Espace, temps et présence dans les dramaturgies du no man's land urbain. Vers un drame performatif?

par Olga Lucia Montoya Restrepo

Thèse de doctorat en Études théâtrales

Sous la direction de Joseph Danan.

Soutenue le 06-07-2013

à Paris 3 , dans le cadre de École doctorale Arts & médias (2009-2015 ; Paris) , en partenariat avec Institut de recherches en études théâtrales (Paris) (équipe de recherche) .


  • Résumé

    A travers l’analyse de huit pièces de théâtre se déroulant dans des no man’s lands urbains et que nous réunissons sous ce que Jean-Pierre Sarrazac appelle « la dramaturgie du no man’s land », nous tentons de montrer comment le drame moderne et contemporain continue à se réinventer par l’adoption d’autres modèles dramaturgiques. Notre recherche s’applique surtout à l’un de ses modèles, celui de la performance.
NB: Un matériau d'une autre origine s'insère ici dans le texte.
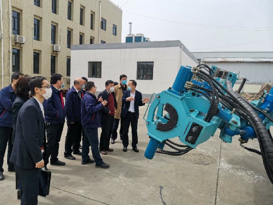 會后,王董帶領(lǐng)任總一行參觀精密主軸、環(huán)保清掃車、教育實訓(xùn)設(shè)備、地質(zhì)裝備等生產(chǎn)車間,并觀看了全液壓錨固鉆機(jī)的空載演示。
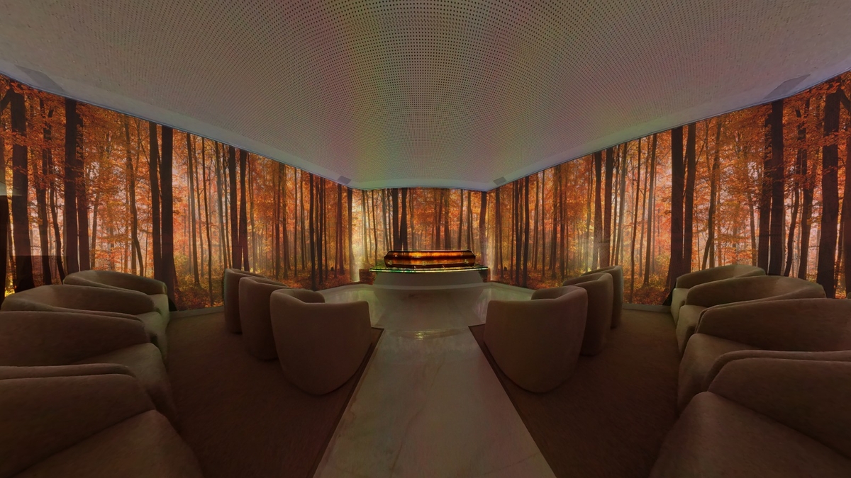 - Sala imersiva: espaço com projeção em 360 graus, música ambiente e experiência multisensorial para a última homenagem;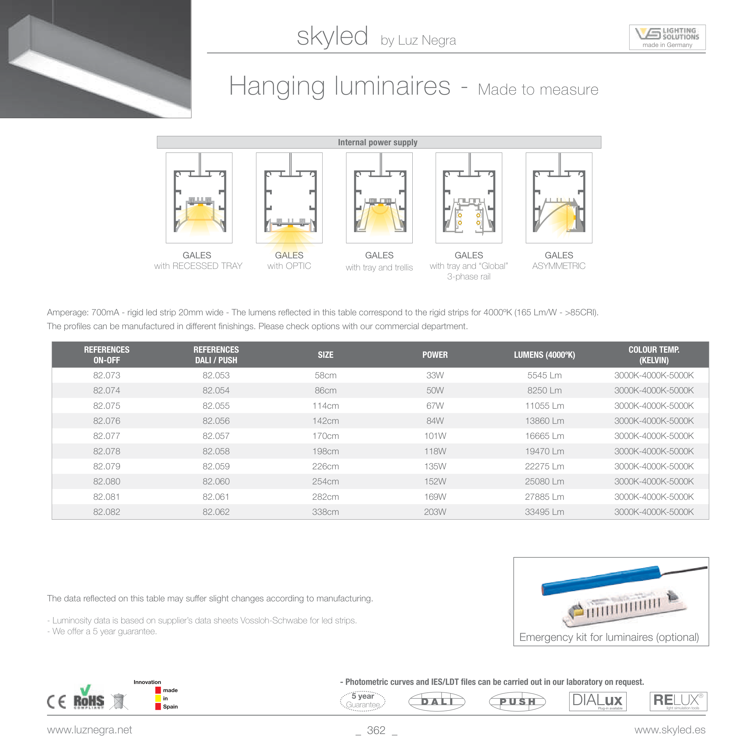 - Luminosity data is based on supplier’s data sheets Vossloh-Schwabe for led strips.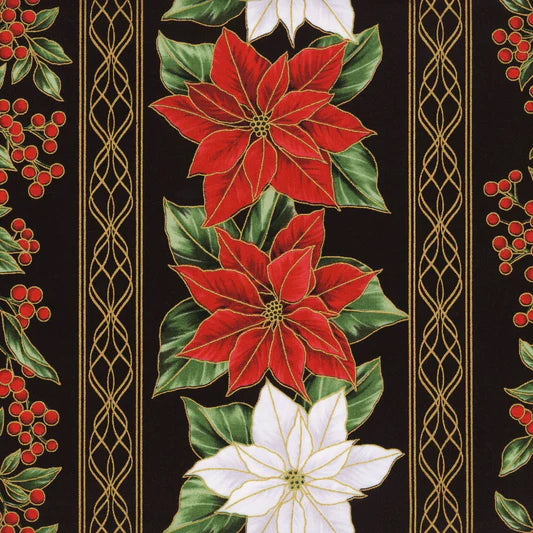Hoffman Metallic - Blooming Holidays X7789 4G Black/Gold Poinsettia Stripe By The Yard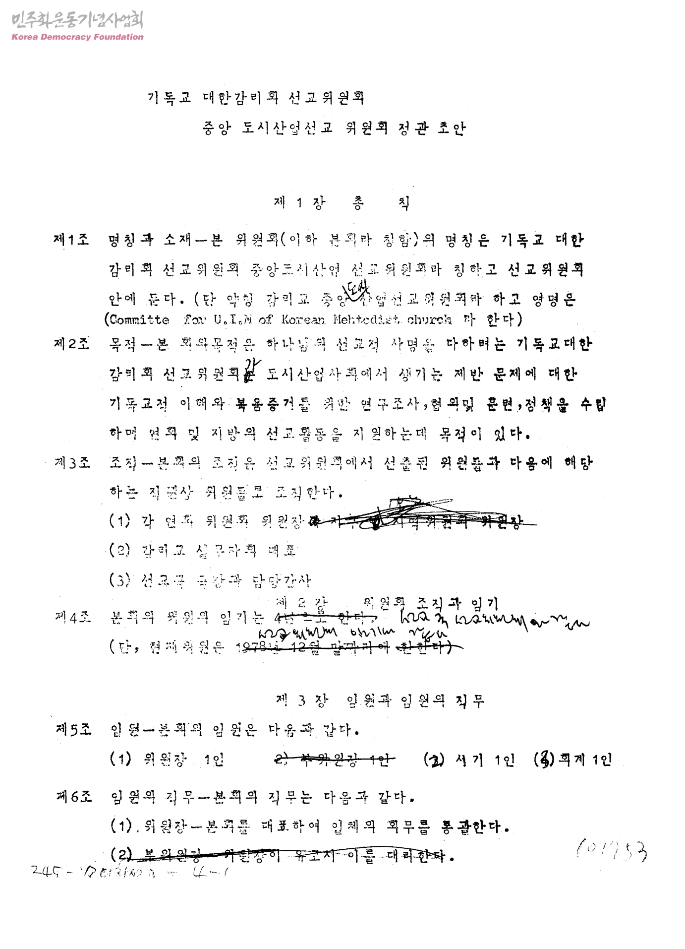기독교 대한감리회 선교위원회 중앙도시산업선교 위원회 정관초안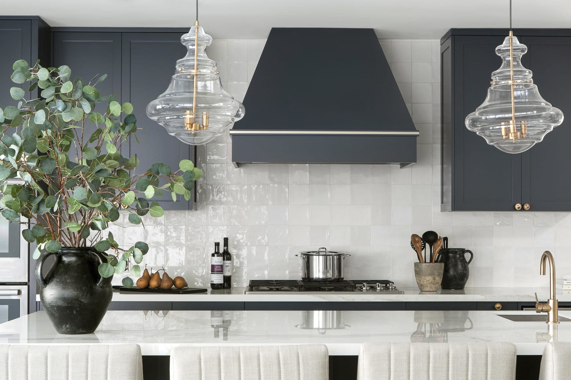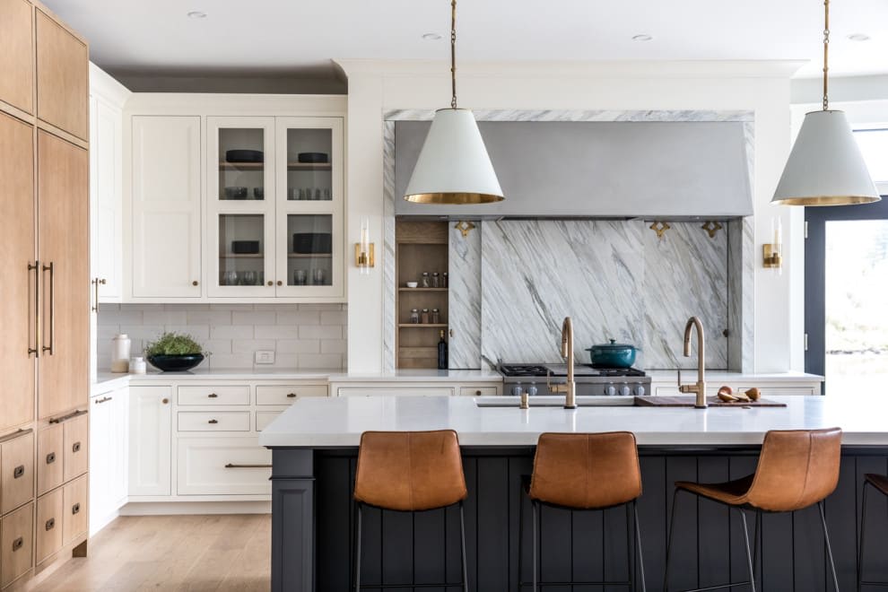 Kelsey Leigh Design Co. For this kitchen in Oklahoma City, designer Kelsey Leigh created dressed-up style with painted wall paneling and gilded-frame artwork beneath gallery-style light fixtures. A quartz slab backsplash that matches the countertop leads to a white range hood, resembling a white-tie tuxedo outfit.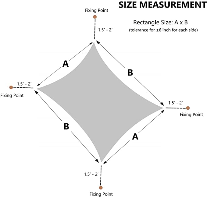 Easy to Use - Attach the shade sail D-rings to your structure with the included ropes. Four 5-feet ropes and an instruction sheet come in the package. Measurement is taken from D ring to D ring, Leave an 1.5-2 ft space between the fixing point and the shade sail to fit hardware or rope.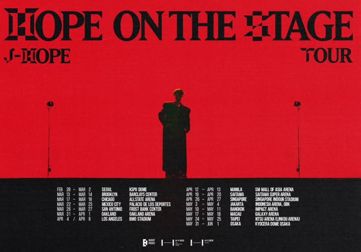 제이홉은 6월 28일부터 서울 올림픽공원 KSPO돔에서 단독 콘서트 ‘HOPE ON THE STAGE’를 시작으로 첫 솔로 월드투어에 돌입하며, 미국, 멕시코, 필리핀, 일본 등 총 15개 도시를 순회할 예정입니다.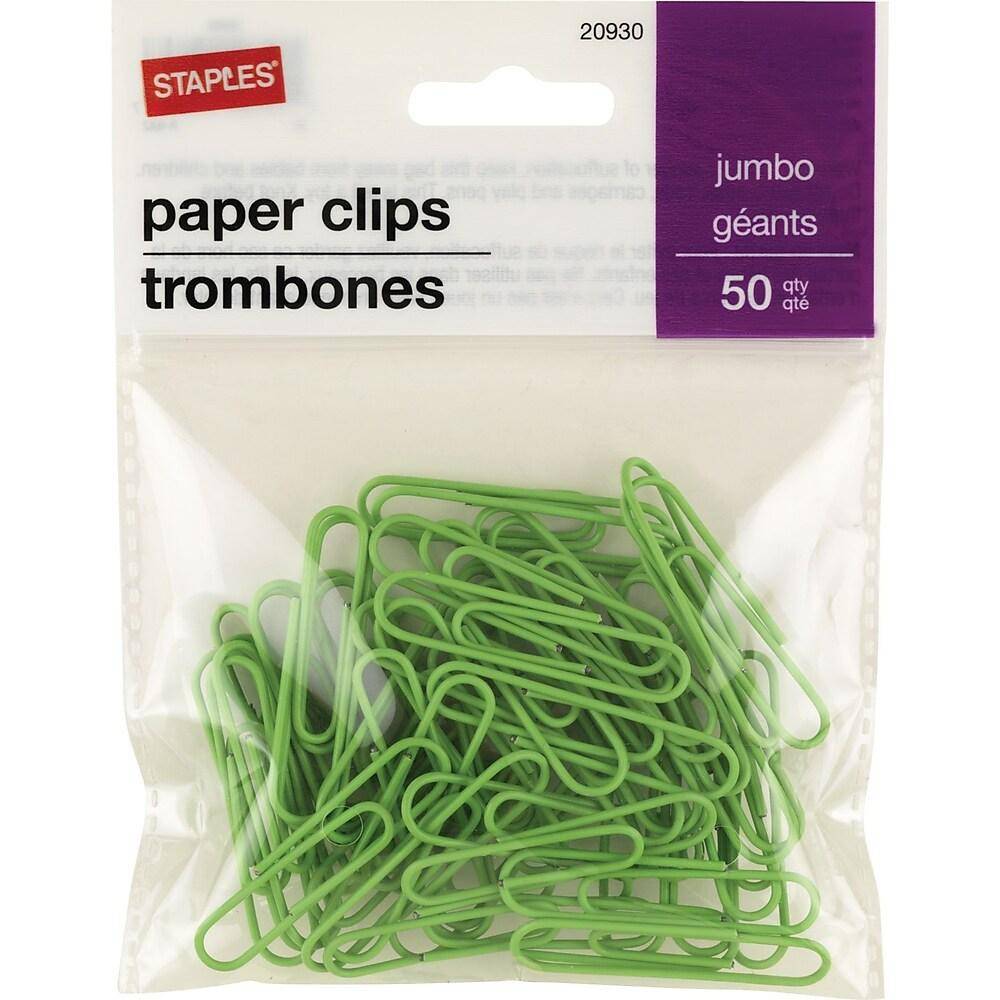 Staples Jumbo Vinyl-Coated Paper Clips, Green, 50/pack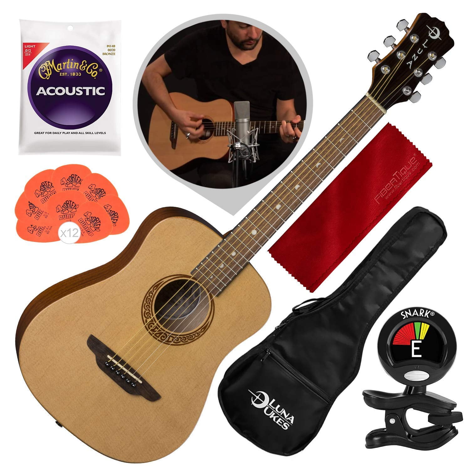 Luna Safari Series Muse Spruce 3 4 Size Travel Acoustic Guitar With Guitar Care Kit Basic Bundle Walmart Com Walmart Com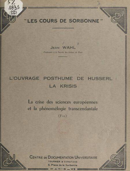 5. L'ouvrage posthume de Husserl : La Krisis : la crise des sciences européennes et la phénoménologie transcendantale (Fin)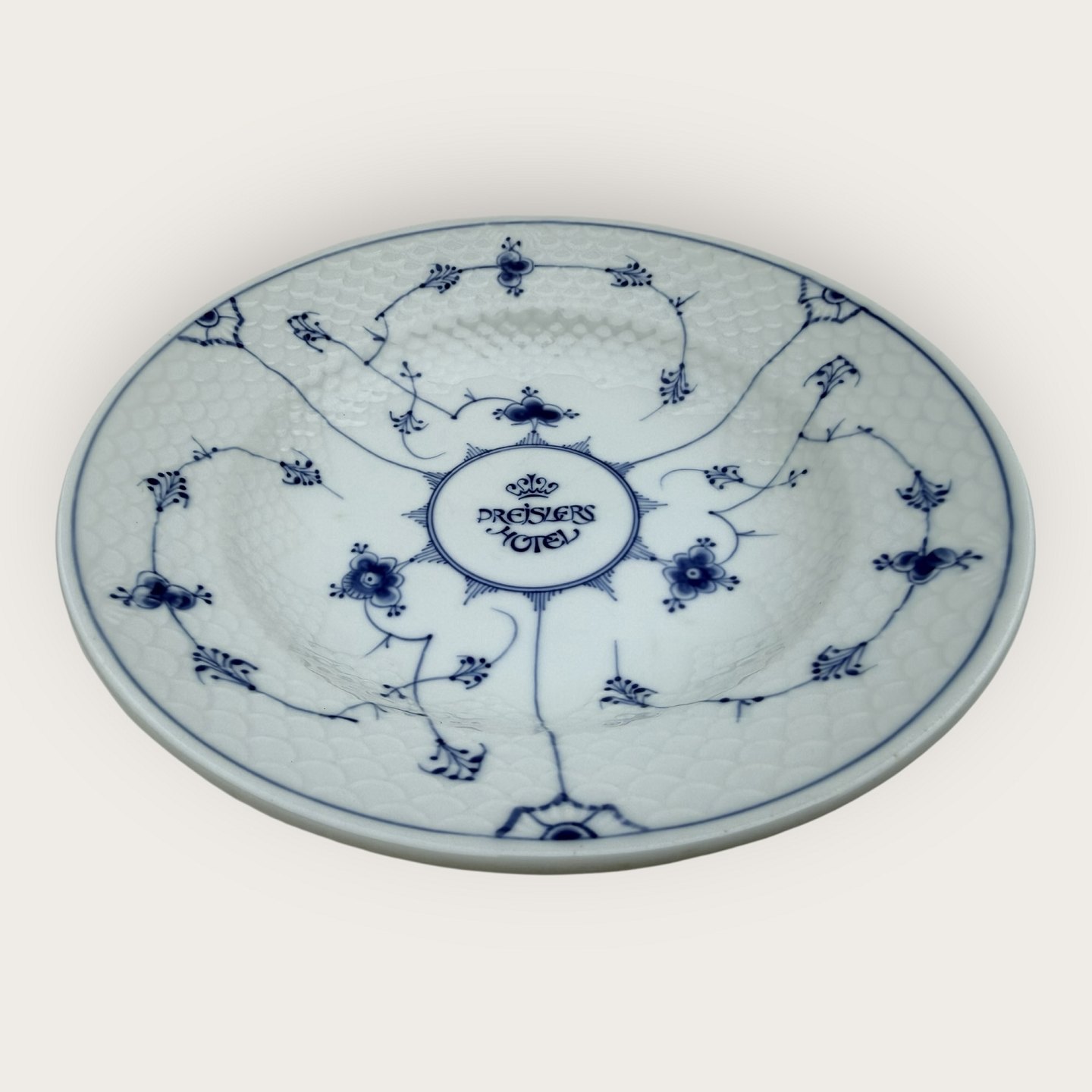 Bing & Grøndahl, Blå malet (Musselmalet), #1008, stor dyb tallerken i hotelporcelæn ( Jernporcelæn ) med logo fra Preislers Hotel, 25cm i diameter, 1. sortering * Pæn stand*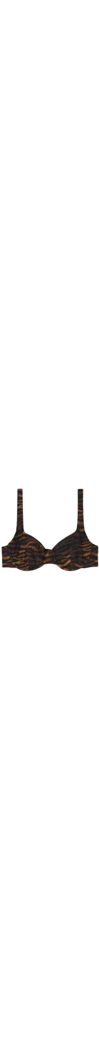 Parte de cima de biquíni balconette não almofadada, ideal para seios generosos. A linha do decote realça o busto. Destaque para o tecido com padrão de tigre em tons escuros. Possui alças reguláveis e fecho posterior com laço fino, adornado por extremidades douradas.

Comme le dit Jacques Derrida à propos de la déconstruction, pour les auteurs de ces pièces, il s’agit aussi par la représentation du no man’s land urbain de «penser à partir de ce passage, à la limite, à un ailleurs-ici »1. Ce non-lieu hétérotopique leur permet à la fois de penser la violence du monde tout en continuant à expérimenter de nouvelles formes du drame.En se situant sur cette ligne, sur cette frontière, « dans un ailleurs de certitudes »2, ces auteurs donnent cours à un drame qui, succédant à la catastrophe de la deuxième guerre mondiale, à la chute des utopies de gauche et à l’accroissement affolé du capital, ne cherche pas à donner de réponses à la manière du théâtre brechtien, mais à soulever des questions. Par cette déconstruction et par l’adoption des éléments performatifs dans le traitement du temps, de l’espace et de la présence de l’auteur et du personnage, ces auteurs, Harold Pinter, Botho Strauss, Bernard-Marie Koltès, Edward Bond, Rodrigo Garcia, Tim Etchells, Victor Viviescas et Carolina Vivas, mettent le spectateur en relation directe avec la scène de cette cruauté annoncée par Artaud qui ne se limite pas à une imitation mais est aussi une expérience au présent : celle du vide.

  • Titre traduit

    Space, Time and Presence in urban No-Man’s-Land. Toward a Performative drama?


  • Résumé

    By analyzing eight plays taking place in urban no-man’s-lands, which we have grouped under the heading of what Jean-Pierre Sarrazac calls “no-man’s-land dramaturgy,” we attempt to show how modern and contemporary drama continues to reinvent itself through the adoption of other dramaturgic models. Our research is applied especially to one of these models – performance art. As Jacques Derrida says in regards to deconstruction, the authors of these plays, too, «think about this passage onward, about a limit, about an elsewhere-here-and-now»3 by the representation of an urban no-man’s-land. This heterotopian non-place allows them to reflect on the violence of the world even as they experiment with new forms of drama.By going out on that edge, that border, out to «an elsewhere of certitudes»4 these authors set in motion a drama which, coming as it does after the catastrophe of the second world war, after the fall of leftist utopias, on the heels of madly spiraling capital, seeks to pose questions rather than provide answers in a Brechtian sense. Through this deconstruction and by the now adoption of performative elements in the treatment of time, space and presence of the author and of the character, authors Harold Pinter, Botho Strauss, Bernard-Marie Koltès, Edward Bond, Rodrigo Garcia, Tim Etchells, Victor Viviescas and Carolina Vivas put the audience directly in touch with the cruelty foretold by Artaud, which isn’t limited to imitation but is also an experience of the present – that of the void.